Why CBO Won’t Credit Congress For Reducing Health Costs

Again and again, health reformers believe they have identified ways to save money through more efficient delivery of care. So why can’t we count on those savings to budget the coming expansion of health care for Americans or lower cost growth?

It is not as if various steps to contain health care costs won’t yield positive results. Electronic health records and promoting comparative cost effectiveness are only two examples that could yield benefits. Providing rapid access to patient centered care, greater use of primary prevention, efforts to reduce re-admissions to hospitals soon after discharge, and better identification of low-quality and high-quality hospitals—all these are sensible steps.

But much to the chagrin of the members of Congress looking for ways to reduce costs, the Congressional Budget Office often “scores” these potential improvements in health care as generating moderate or no saving. That makes it harder for the President and the Congress to finance larger health subsidies or tackle our long-term deficit.

Having had charge over an office of government estimators at one time, I’d like to explain the dilemma of both the health and budget reformers.

Like any industry, the health care industry should, can, and does proceed on a path of improvement. New possibilities and ideas appear all the time. But when there are few cost constraints faced either by consumers or providers, there are reduced incentives to adopt those improvements. Even when adopted, they can easily be offset by higher demand or higher prices.

Consider three metaphors:

  1. You propose to offer free gym memberships as a way to tackle the problem of obesity. Now getting more people to the gym may be a good idea. But if not backed up by a nutrition/exercise routine that reduces caloric intake relative to the rate of fat and glucose burn, the change in behavior is unlikely to have much effect.
  2. You push on air in a balloon. Yes, you had an impact: a dent is made where you push. If the nozzle remains tied, the air simply gets shifted somewhere else.
  3. You give your kid a credit card that he can use without limit. You then replace it with one that gives a discount on everything that he purchases. Yet your bill at the end of the month is just as high as ever.

Real World Examples

Now consider a few real world examples from the world of health care.

Increased use of generic drugs. Efforts to improve the efficiency of the health care marketplace are hardly new. One flavor du jour has been the speedier development of generic drug alternatives. Clearly, such efforts do reduce costs.

But now consider how drug companies react. Some merely reweight their research efforts toward specialty drugs less likely to receive competition down the road from generic alternatives.
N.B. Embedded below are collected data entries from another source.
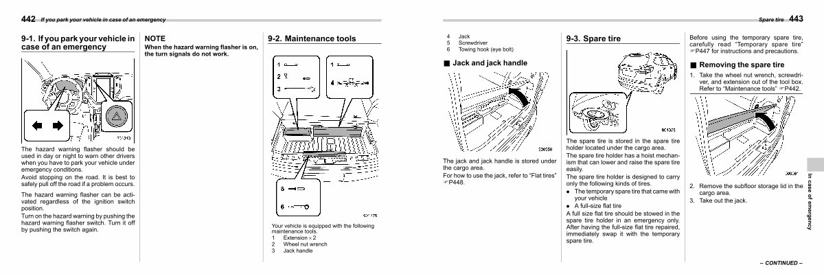 Before using the temporary spare tire, carefully read“ Temporary spare tire” FP447 for instructions and precautions. |
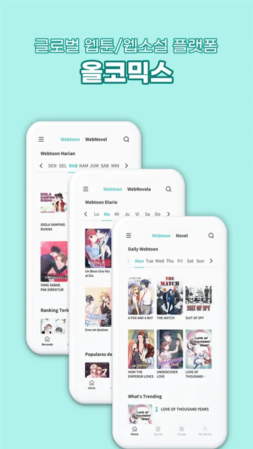 한국, 미국, 일본 등 다양한 국가의 웹툰을 감상해 보세요.
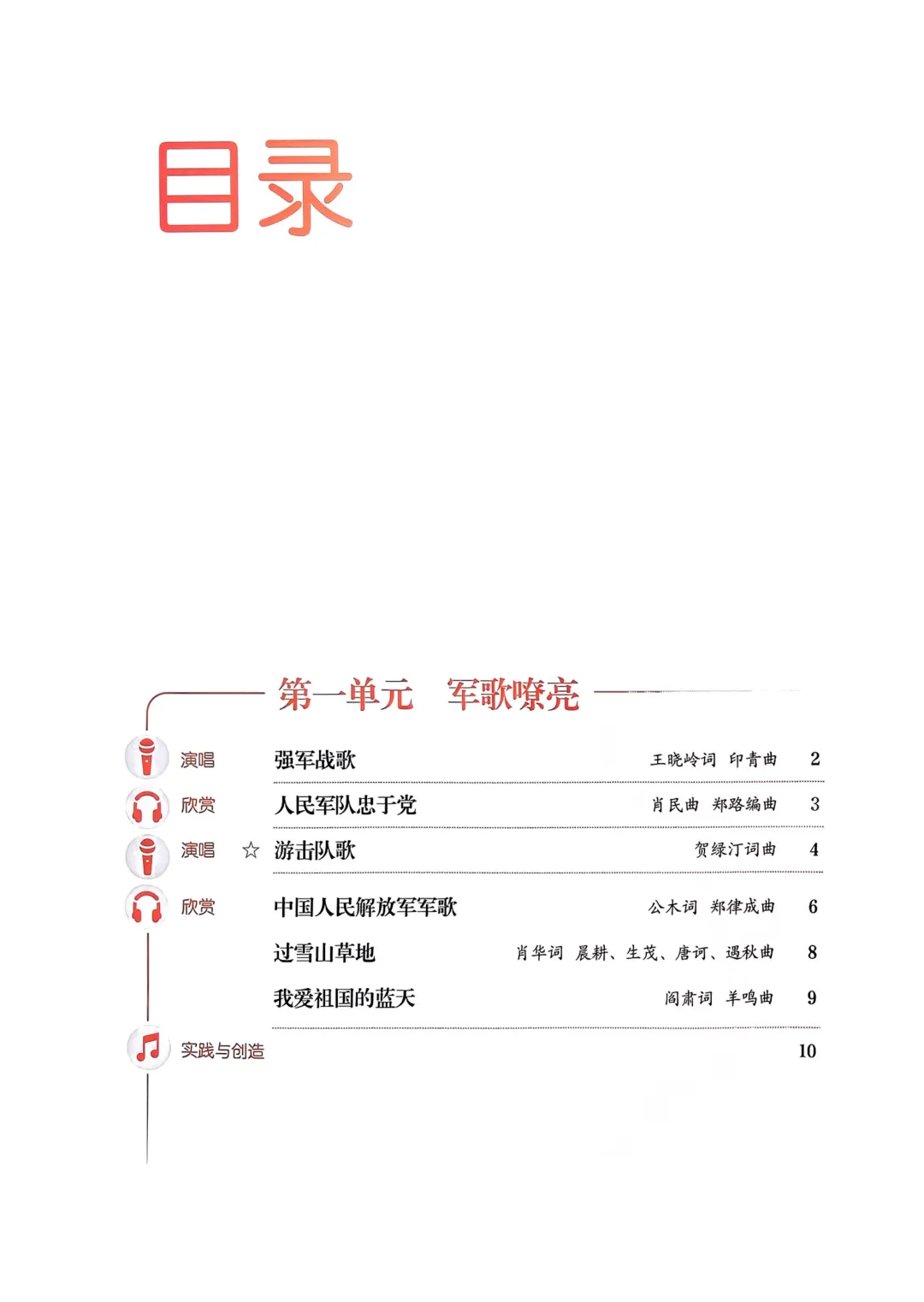 3 | 1 | 第一单元军歌嘹亮 | 欣赏《中国人民解放军军歌》《过雪山草地》《我爱祖国的蓝天》;单元实践与创造 | 6-11 | 了解军歌历史沿革,感受长征精神和空军爱国情怀;分辨音乐要素与情绪的联系 | 为《游击队歌》设计不同情景的演唱方案;学唱《人民军队忠于党》 |
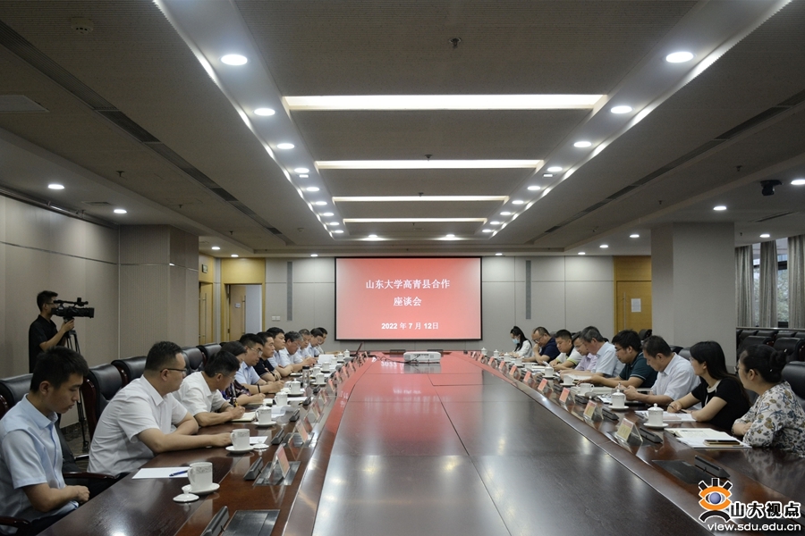 王琪珑对高青县一行表示热烈欢迎,随后介绍了山东大学的办学历史、学科建设和服务山东的新举措,以及习近平总书记给山东大学《文史哲》编辑部全体编辑人员重要回信的情况。他表示,自黄河流域生态保护和高质量发展提出以来,山东大学黄河国家战略研究院深度参与省级政策、规划的制定,也关注了高青的发展及围绕黄河流域所做的工作,并对高青经济社会发展给予高度评价。山东大学将与高青积极沟通交流,在政策咨询、人才引进、技术支持等方面给予高青大力支持。刘学圣代表县委、县政府,向山东大学一直以来对高青工作的关心支持表示感谢。他表示,当前高青正抢抓黄河流域生态保护和高质量发展的重大机遇,加速融入省会城市群经济圈,统筹推进绿色发展先行区、城乡融合样板区、双碳生活示范区、品质民生引领区、创新创业活力区“五区建设”,希望双方通过此次会议搭建交流平台,充分发挥山东大学的科技研发创新、人才链接集聚优势,在产学研合作、人才交流等方面与高青开展深层次合作,借助山东大学优势,讲好黄河故事,传播黄河文化,助力县域经济发展。
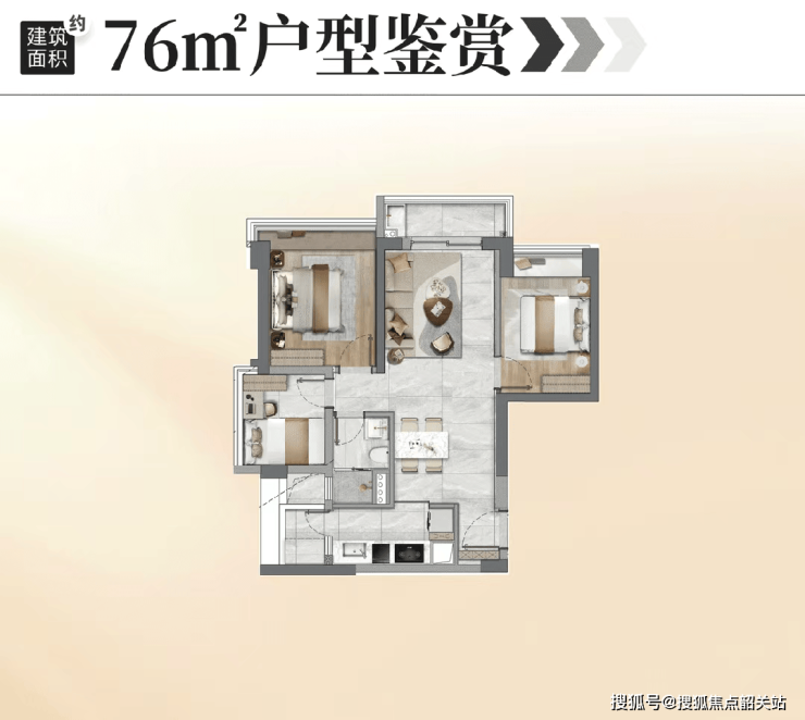建面约76㎡户型,在同面积段项目中极具竞争力。该户型不仅做到了真正实用、舒适的三房设计,打破了传统76㎡只能做两房或逼仄“1+2”房的局限,还实现了江园双景的景观升级。每个家庭成员都能拥有独立、舒适的居住空间,次卧也足以放下双人床和衣柜,满足刚需家庭的居住需求。

Others set higher initial prices for newly patented offerings. For instance, a company simply offers the new drug cocktail for the cancer patient at a cost of $120,000 a year instead of $100,000, offsetting lower profits from drugs going off patent. Would Medicare or insurance companies prevent this price adjustment? Probably not.

Better health and longer lives. Suppose that a proposal advances medical science in a way that extends life and improves its quality, especially at later ages. Surely the estimators would grant substantial cost saving to the lower prevalence of health problems at various ages?

Well, yes, but then they are likely to consider all the offsets. If longer lives merely delay the onset of the same conditions—e.g., we now live five years longer and get cancer at age 85 instead of 80—then some costs have only been deferred, not eliminated. The later cancer care is also likely to be a lot more expensive than if received a few years before. In addition, we now get Medicare (and Social Security) for several additional years, draining the federal budget further. Finally, if we don’t work longer when we live longer, then there may be little or no increase in GDP, and costs relative to GDP rise even more.

Electronic health records. I served for several years on a government committee largely dealing with smoothing the path toward adoption of electronic health records (EHRs). Among other potential gains, EHRs offer great hope for preventing duplicative health care and unneeded prescriptions, improving a doctor’s ability to diagnose, and, perhaps most importantly, providing data that can be used by researchers and the Centers for Disease Control to discover causes of disease and run early warning and monitoring systems. But EHRs may also lead to increased demand for health care, in the same way that information from Consumer Reports may lead us to purchase more or better cars but not spend less on them.

Comparative Effectiveness. Studies that compare effectiveness across regions and among providers may give us valuable information on the relationship between quality and price. An open issue is whether insurance companies and government would use the results to redirect spending, something not easy to estimate. But even if they did, one cannot assume that half of all hospitals or doctors will still not remain below median, or that, without other constraints, the half “found” to be above median won’t begin to charge even more once labeled superior. We’ve known for a long time that Florida charges much more than Minnesota for health care with no measurable quality improvement. So far, that knowledge hasn’t led to much, if anything, in the way of cost saving.

Conclusion

If you’re interpreting these examples to mean that efficiency improvements shouldn’t be sought, you’ve got it backwards: we need to reinforce them. But return to our metaphor of free gym memberships. Lowering the cost of exercise might be a good way to tackle obesity, but in isolation it’s not likely to be very effective. Open-ended budgets—which is largely how government spending and tax subsidies are designed in the health arena-are like an unrestricted diet of limitless calories. Budget constraints and innovative practices work to improve any industry, including health care, just like good nutrition and exercise work together to improve the quality of life. A virtuous cycle of true health reform requires both.